A mindfulness based psychotherapist when holding us in a being to being relational field and a conscious intent to orient to our inherent wellbeing can serve as our guide and fulcrum as we descend into the inner world of our feelings. This holding can keep us resourced and afloat as we navigate the flows and eddies emerging from the unconscious. An important aspect of this is the holding in mindfulness of the present time consciousness of the client. Very often the emerging of the deep held unconscious past is immersive and it is easy for a client to lose this contact to the self in present time in the therapists room. The therapist holds in the relational field the qualities of mindfulness, which are then present for the clients to be held in, and experience.
This means that when previously uncomfortable feelings arise for a client in therapy, that the therapists acceptance and openness to them is at some level perceived by the client and mirrored in their own body-mind.

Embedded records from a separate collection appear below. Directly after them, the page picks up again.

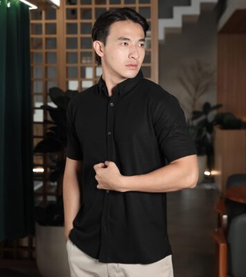 Kemeja Hitam Pria Formal Lengan Pendek Slim Fit Anti Kusut
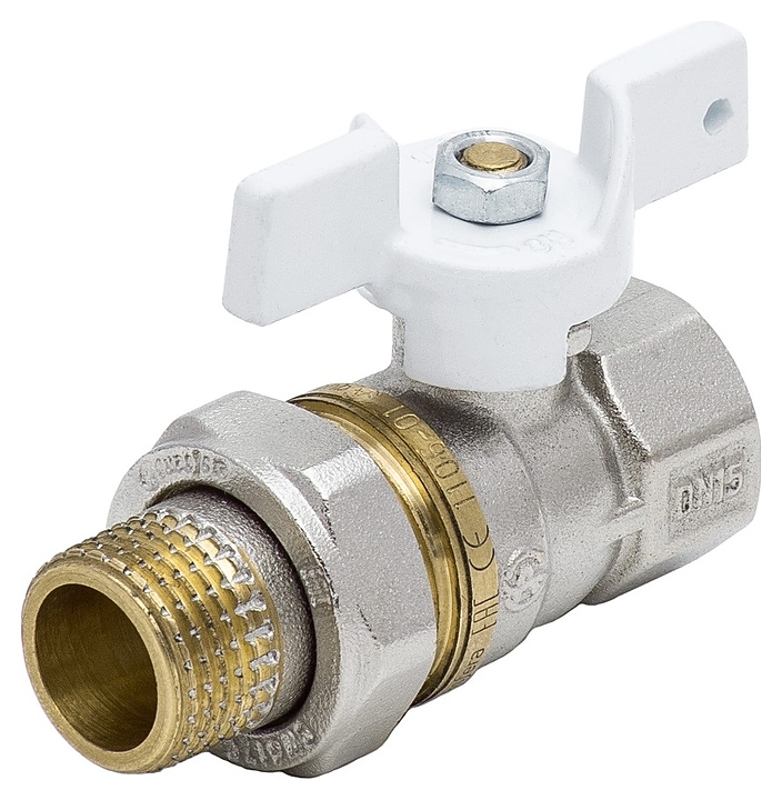 Кран шаровой Aquasfera 107-5161, ДУ 20, PN 3 МПа, 3/4"ВР - 3/4"НР (американка), 1107-02 STANDARD полнопроходной латунный с бабочкой
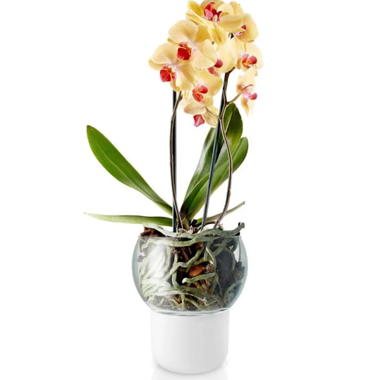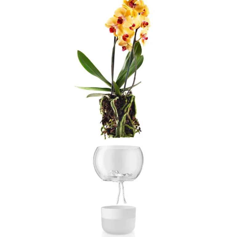 Orkidépotten har et selvvanningssystem som gjør det enkelt å holde orkidéene vakre og friske uten å måtte passe dem hele tiden. Potten gir orkidéene optimale vekstbetingelser ved hjelp av nylonveker i bunnen av øverste potte og en vannbeholder i nederste potte, slik at orkidéene kan suge til seg den mengden vann den trenger. Alle delene av orkidépotten er laget av glass, siden mange orkidéer tar opp sollys med røttene og ikke bare med bladene. Potten sikrer dessuten at orkidéens røtter ikke kommer i direkte kontakt med vann og råtner. Orkidépotten er lett å holde ren og tåler oppvaskmaskin.
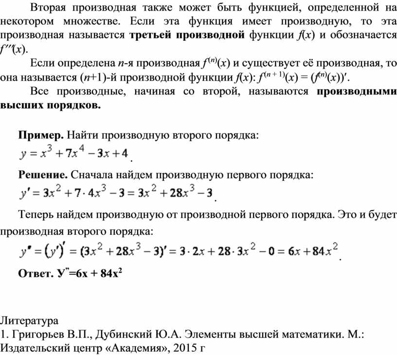 Все производные, начиная со второй, называются производными высших порядков.
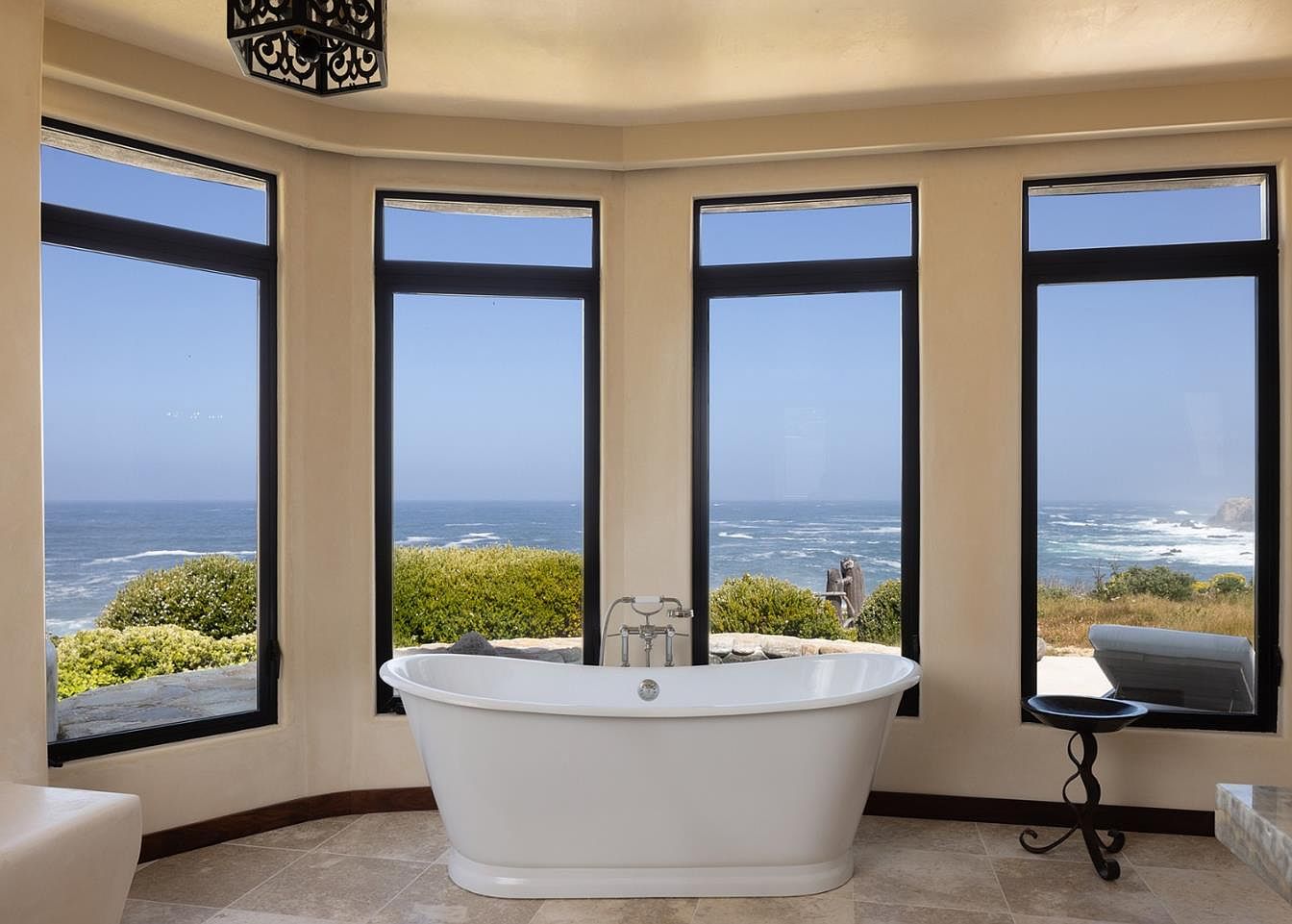 This elegant bathroom features a freestanding soaking tub positioned between expansive windows, allowing for breathtaking views of the ocean. The contemporary design employs soft neutral tones, complemented by luxurious stone flooring that adds warmth to the space. Natural light floods through the large panes, accentuating the clean lines and modern fixtures. The minimalist décor is enhanced by a stylish pendant light that casts a gentle glow, creating a serene atmosphere. With ample space and family-friendly layouts, this inviting area blends relaxation with stunning natural beauty, perfect for unwinding after a long day.

The accumulative effect of being met in our hidden places of wounded separation is an increase in our own acceptance of, and capacity to be present with them. We might call this learning through resonance. This is particularly pertinent in Core Process Psychotherapy which differs from other mindfulness based therapies in that the therapist does not usually formally teach clients mindfulness meditation. Rather the emphasis is placed on the therapists own capacity for mindfulness in therapy to connect with a client at a being to being level and hold the client in this deeply resonant and healing holding field.